____ Provided data
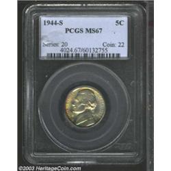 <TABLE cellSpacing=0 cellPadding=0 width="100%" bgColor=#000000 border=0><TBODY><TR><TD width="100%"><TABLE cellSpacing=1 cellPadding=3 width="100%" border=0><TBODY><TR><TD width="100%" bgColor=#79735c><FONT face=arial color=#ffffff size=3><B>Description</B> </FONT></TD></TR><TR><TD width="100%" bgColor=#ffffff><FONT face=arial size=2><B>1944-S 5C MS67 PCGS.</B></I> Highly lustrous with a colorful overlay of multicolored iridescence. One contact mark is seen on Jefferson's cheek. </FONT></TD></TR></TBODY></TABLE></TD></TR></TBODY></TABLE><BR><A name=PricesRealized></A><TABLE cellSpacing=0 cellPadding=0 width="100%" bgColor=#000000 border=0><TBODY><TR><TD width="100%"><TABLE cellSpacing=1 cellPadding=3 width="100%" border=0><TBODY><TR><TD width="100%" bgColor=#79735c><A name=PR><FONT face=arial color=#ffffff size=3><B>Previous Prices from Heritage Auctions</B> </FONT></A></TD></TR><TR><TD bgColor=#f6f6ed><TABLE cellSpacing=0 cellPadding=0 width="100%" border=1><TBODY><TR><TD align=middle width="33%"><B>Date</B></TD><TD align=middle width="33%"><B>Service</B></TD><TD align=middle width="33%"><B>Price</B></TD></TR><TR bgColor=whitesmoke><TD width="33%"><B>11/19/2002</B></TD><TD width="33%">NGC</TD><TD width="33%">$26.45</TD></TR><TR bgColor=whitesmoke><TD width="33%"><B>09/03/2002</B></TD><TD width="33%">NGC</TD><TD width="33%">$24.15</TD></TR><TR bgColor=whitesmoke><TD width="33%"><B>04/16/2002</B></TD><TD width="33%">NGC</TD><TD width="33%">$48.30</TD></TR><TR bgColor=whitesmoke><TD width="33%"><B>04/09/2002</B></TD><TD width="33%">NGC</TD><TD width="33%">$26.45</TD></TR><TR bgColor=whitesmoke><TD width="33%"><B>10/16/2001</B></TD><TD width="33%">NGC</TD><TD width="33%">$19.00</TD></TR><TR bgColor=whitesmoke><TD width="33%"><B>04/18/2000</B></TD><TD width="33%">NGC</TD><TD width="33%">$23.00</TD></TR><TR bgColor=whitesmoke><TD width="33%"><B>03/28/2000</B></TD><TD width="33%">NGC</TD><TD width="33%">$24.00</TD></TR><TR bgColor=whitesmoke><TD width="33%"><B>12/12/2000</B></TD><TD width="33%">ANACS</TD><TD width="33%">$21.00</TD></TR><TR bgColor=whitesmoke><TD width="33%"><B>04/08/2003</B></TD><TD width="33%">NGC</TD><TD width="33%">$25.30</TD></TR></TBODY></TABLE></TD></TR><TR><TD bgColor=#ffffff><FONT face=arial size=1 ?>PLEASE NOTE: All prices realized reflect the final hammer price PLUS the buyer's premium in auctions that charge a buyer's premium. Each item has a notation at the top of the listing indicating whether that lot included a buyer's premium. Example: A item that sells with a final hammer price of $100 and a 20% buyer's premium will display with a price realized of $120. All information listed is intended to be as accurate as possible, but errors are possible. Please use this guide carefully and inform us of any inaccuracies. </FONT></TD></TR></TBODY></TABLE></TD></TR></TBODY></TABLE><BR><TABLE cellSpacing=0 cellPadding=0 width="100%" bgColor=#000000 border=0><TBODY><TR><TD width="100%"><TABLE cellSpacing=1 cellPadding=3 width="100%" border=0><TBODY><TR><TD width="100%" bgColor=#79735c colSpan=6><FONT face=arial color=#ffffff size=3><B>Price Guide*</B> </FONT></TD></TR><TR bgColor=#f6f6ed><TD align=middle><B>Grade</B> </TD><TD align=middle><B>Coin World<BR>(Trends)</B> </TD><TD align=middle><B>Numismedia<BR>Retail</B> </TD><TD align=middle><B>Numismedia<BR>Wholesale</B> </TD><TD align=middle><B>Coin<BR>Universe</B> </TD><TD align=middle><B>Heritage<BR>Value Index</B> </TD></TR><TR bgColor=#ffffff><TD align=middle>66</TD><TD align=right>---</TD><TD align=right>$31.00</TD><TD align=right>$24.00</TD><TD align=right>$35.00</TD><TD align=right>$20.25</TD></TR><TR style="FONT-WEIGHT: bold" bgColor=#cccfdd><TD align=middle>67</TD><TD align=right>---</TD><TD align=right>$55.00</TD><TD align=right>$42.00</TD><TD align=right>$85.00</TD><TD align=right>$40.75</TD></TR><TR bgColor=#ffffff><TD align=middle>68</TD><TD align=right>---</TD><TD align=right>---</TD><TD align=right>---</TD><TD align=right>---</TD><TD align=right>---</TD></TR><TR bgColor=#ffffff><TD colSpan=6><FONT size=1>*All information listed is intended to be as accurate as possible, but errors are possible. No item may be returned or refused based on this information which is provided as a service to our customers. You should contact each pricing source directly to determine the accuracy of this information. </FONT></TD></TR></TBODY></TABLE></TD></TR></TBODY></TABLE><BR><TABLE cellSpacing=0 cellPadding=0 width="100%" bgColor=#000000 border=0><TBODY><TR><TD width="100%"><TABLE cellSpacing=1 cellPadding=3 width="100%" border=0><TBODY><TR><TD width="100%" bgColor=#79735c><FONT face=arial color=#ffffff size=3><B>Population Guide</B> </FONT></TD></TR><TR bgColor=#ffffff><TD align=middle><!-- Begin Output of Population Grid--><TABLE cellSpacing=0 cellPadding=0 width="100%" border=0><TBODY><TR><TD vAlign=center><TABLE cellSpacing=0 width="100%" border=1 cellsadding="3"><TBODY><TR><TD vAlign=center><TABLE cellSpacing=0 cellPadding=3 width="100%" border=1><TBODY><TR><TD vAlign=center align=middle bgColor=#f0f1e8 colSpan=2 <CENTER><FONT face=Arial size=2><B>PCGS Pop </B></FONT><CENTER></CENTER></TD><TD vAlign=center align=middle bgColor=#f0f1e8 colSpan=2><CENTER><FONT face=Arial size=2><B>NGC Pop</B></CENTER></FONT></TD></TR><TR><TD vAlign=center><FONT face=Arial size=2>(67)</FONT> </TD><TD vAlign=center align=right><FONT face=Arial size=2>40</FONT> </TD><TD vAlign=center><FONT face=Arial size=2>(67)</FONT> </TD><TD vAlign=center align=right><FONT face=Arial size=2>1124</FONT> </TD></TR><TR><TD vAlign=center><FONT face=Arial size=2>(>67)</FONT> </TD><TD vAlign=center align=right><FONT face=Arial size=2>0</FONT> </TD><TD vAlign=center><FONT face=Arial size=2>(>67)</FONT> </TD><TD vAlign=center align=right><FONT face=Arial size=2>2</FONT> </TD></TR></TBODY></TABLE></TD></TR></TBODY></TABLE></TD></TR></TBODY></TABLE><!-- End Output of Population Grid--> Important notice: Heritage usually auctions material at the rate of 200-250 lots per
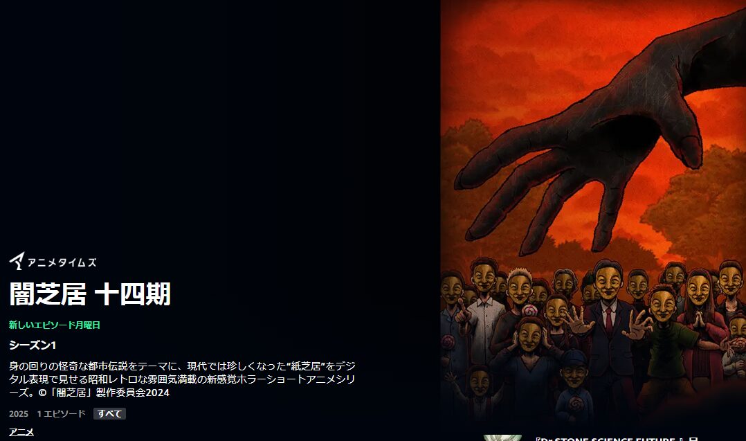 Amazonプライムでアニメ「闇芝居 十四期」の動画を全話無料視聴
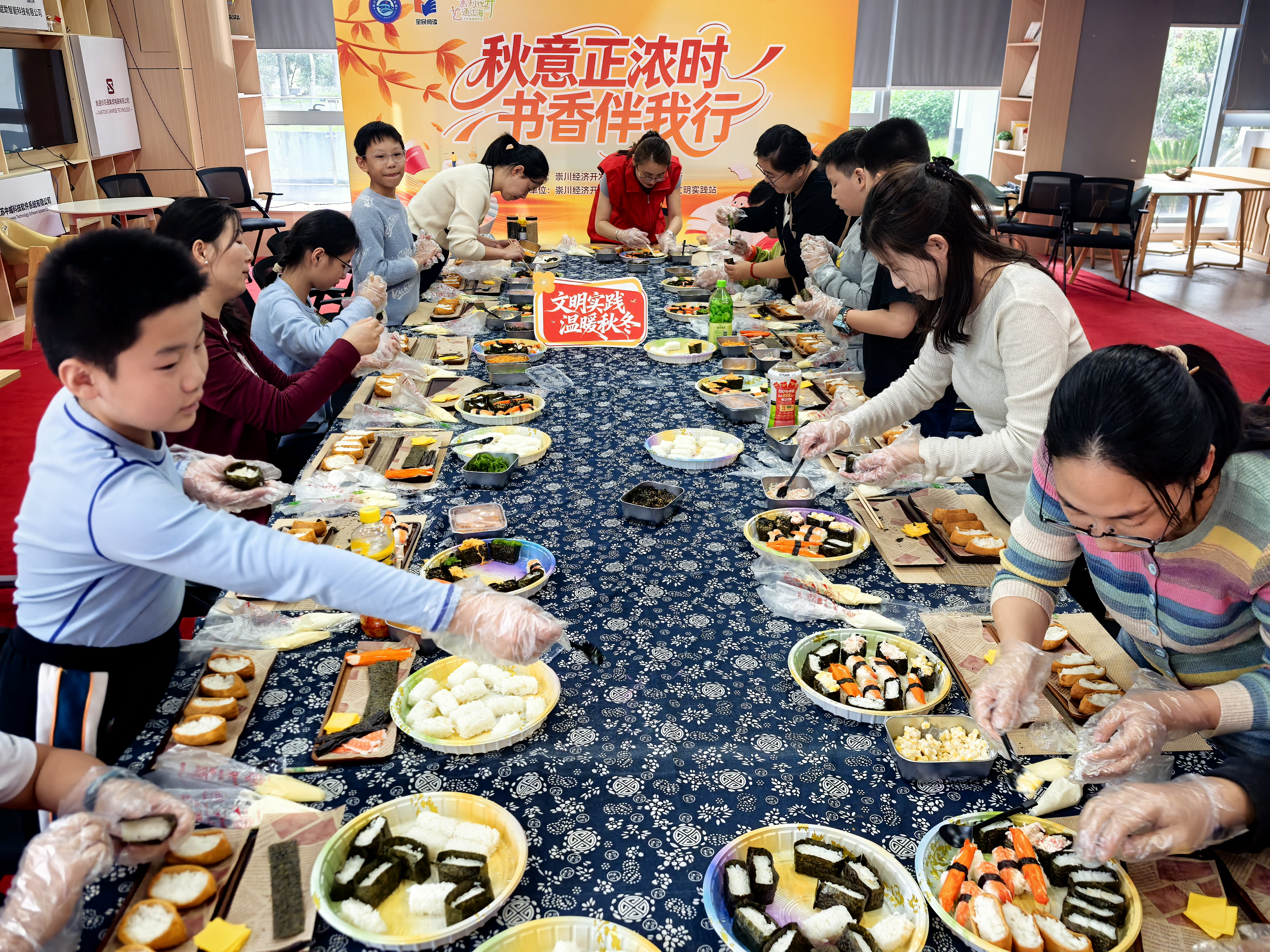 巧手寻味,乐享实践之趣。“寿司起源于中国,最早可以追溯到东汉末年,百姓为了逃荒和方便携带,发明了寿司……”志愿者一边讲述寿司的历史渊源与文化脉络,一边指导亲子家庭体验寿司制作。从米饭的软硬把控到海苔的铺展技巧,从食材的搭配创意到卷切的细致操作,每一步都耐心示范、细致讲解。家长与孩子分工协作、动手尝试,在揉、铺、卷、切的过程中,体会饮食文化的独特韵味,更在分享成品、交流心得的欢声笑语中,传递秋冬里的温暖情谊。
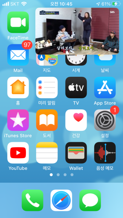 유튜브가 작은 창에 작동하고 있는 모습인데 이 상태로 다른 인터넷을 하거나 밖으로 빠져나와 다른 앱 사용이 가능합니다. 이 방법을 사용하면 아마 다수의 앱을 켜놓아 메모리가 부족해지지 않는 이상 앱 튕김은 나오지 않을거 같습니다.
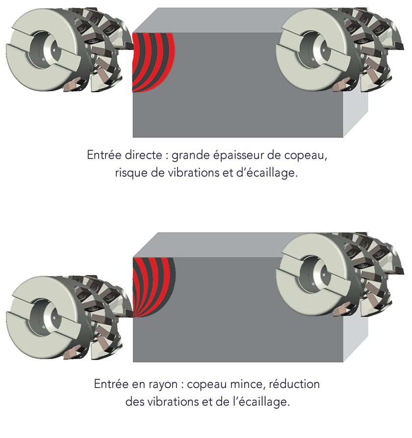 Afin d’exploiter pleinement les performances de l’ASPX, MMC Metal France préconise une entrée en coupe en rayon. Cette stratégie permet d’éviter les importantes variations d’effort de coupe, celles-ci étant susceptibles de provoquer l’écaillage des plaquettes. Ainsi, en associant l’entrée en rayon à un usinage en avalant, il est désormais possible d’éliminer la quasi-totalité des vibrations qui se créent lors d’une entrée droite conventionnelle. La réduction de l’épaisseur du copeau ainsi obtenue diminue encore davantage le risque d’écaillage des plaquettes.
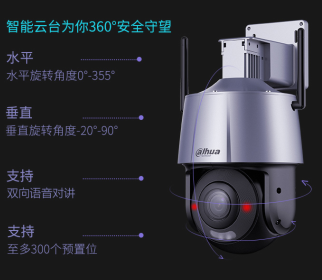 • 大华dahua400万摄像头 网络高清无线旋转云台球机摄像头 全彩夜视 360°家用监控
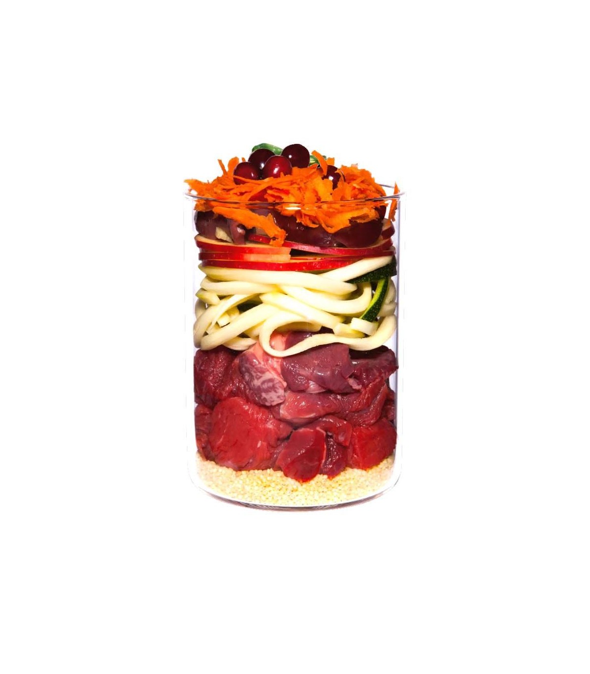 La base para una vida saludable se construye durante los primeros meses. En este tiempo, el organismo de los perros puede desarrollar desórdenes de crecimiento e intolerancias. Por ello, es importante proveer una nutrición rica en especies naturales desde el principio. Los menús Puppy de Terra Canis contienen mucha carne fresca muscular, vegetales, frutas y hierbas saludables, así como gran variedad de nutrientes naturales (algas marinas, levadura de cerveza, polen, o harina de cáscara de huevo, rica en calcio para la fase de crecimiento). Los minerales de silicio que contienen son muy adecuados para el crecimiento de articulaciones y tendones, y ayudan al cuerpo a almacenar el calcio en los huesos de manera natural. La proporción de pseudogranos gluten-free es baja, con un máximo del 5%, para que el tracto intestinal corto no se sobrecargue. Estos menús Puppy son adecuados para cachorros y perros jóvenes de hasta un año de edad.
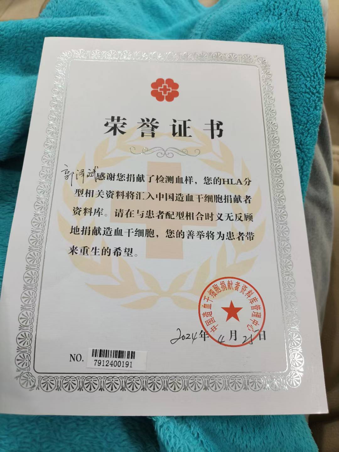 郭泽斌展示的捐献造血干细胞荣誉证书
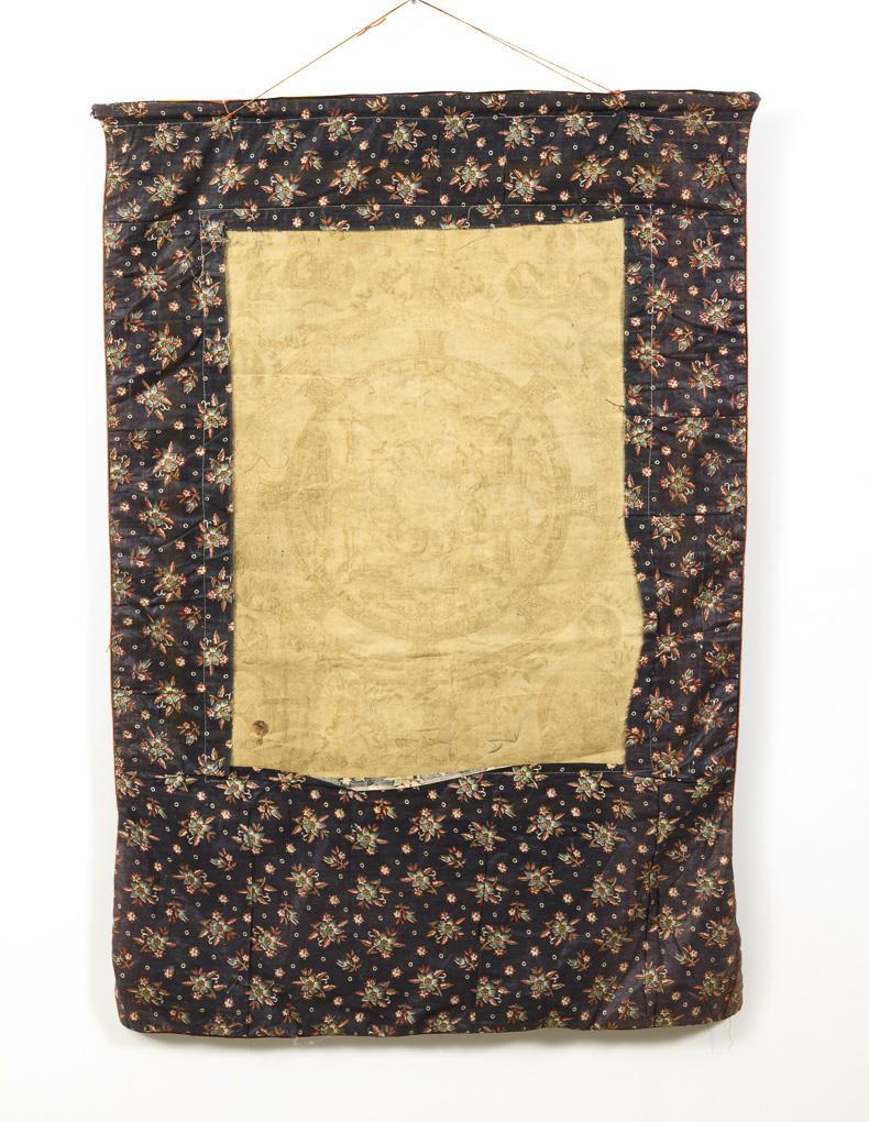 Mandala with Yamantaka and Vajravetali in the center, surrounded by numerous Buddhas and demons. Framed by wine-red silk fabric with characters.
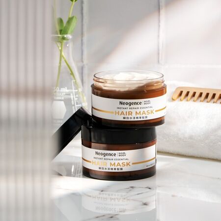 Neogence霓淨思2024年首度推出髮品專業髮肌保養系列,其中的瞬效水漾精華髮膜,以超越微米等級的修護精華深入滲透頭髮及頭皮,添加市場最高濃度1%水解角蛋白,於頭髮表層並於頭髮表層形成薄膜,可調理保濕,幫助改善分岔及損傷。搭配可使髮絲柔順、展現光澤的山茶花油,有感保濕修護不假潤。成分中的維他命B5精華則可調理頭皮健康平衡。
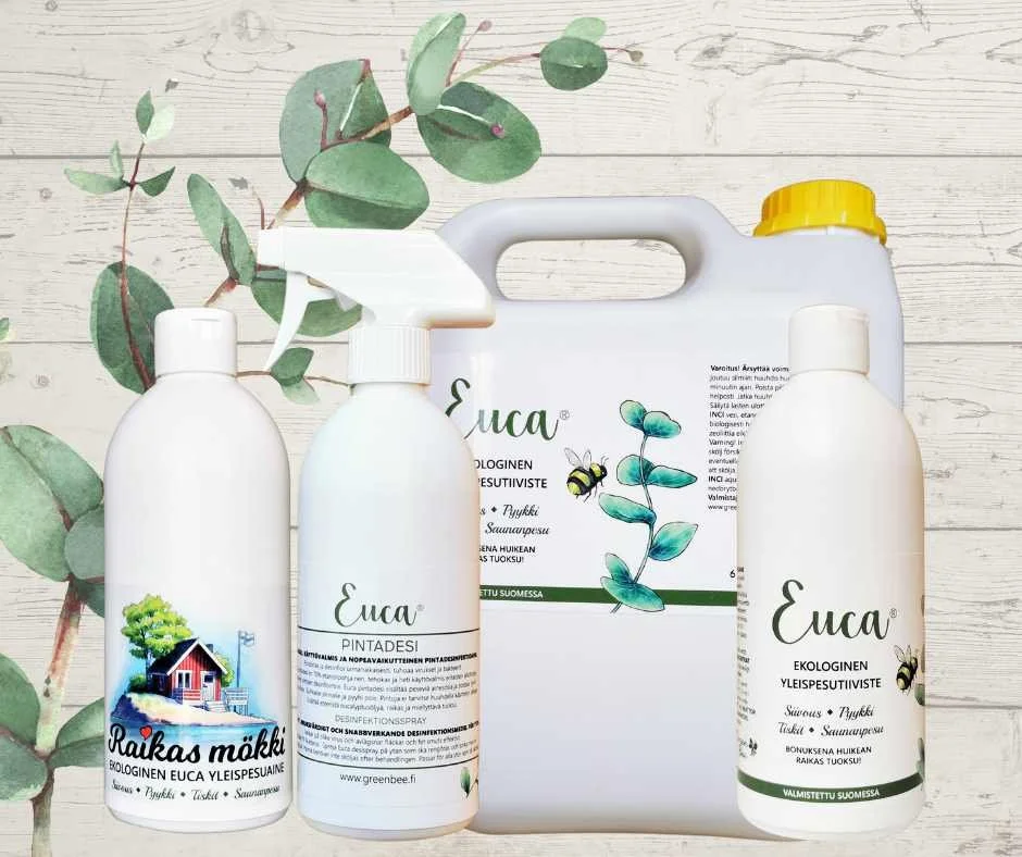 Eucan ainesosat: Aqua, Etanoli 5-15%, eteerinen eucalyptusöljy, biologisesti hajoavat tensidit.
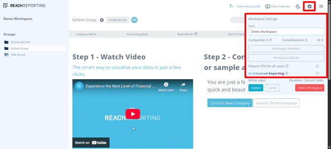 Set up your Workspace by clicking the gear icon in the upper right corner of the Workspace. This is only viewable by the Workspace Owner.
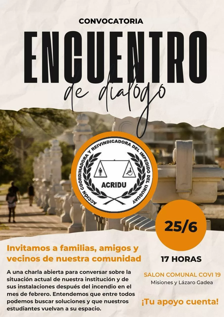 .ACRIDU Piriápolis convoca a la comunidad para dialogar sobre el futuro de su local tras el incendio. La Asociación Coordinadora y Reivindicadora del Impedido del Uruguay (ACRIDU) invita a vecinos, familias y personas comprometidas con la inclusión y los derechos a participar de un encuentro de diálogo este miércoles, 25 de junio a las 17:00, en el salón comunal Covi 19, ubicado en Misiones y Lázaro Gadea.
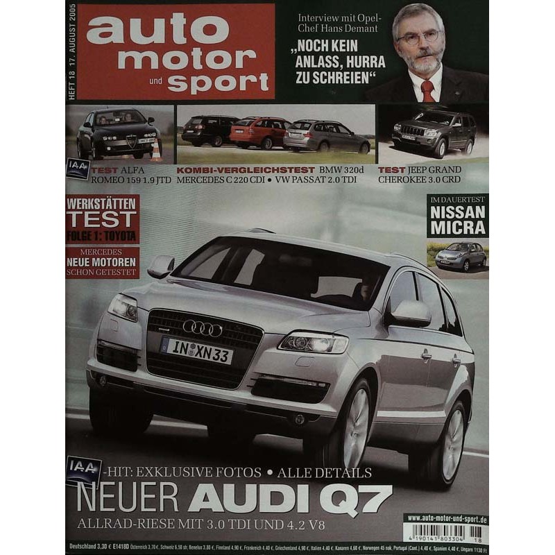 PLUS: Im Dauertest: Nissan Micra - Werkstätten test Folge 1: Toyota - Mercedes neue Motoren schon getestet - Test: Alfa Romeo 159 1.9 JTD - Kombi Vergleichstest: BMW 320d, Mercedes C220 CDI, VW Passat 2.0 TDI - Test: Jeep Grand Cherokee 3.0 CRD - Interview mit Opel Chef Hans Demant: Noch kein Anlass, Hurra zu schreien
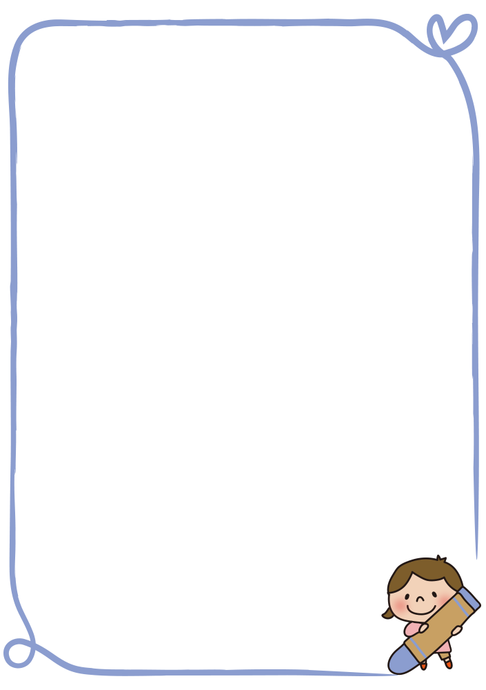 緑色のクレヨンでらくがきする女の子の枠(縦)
________
§ **The problem**: Write out the lines beginning at the line with "Eucan ainesosat: Aqua, Etanoli" and ending at the last line of the entries. Include no pictures.

§ **Finished exercise**:
 Eucan ainesosat: Aqua, Etanoli 5-15%, eteerinen eucalyptusöljy, biologisesti hajoavat tensidit.
 Set up your Workspace by clicking the gear icon in the upper right corner of the Workspace. This is only viewable by the Workspace Owner.
 .ACRIDU Piriápolis convoca a la comunidad para dialogar sobre el futuro de su local tras el incendio. La Asociación Coordinadora y Reivindicadora del Impedido del Uruguay (ACRIDU) invita a vecinos, familias y personas comprometidas con la inclusión y los derechos a participar de un encuentro de diálogo este miércoles, 25 de junio a las 17:00, en el salón comunal Covi 19, ubicado en Misiones y Lázaro Gadea.
 PLUS: Im Dauertest: Nissan Micra - Werkstätten test Folge 1: Toyota - Mercedes neue Motoren schon getestet - Test: Alfa Romeo 159 1.9 JTD - Kombi Vergleichstest: BMW 320d, Mercedes C220 CDI, VW Passat 2.0 TDI - Test: Jeep Grand Cherokee 3.0 CRD - Interview mit Opel Chef Hans Demant: Noch kein Anlass, Hurra zu schreien
 緑色のクレヨンでらくがきする女の子の枠(縦)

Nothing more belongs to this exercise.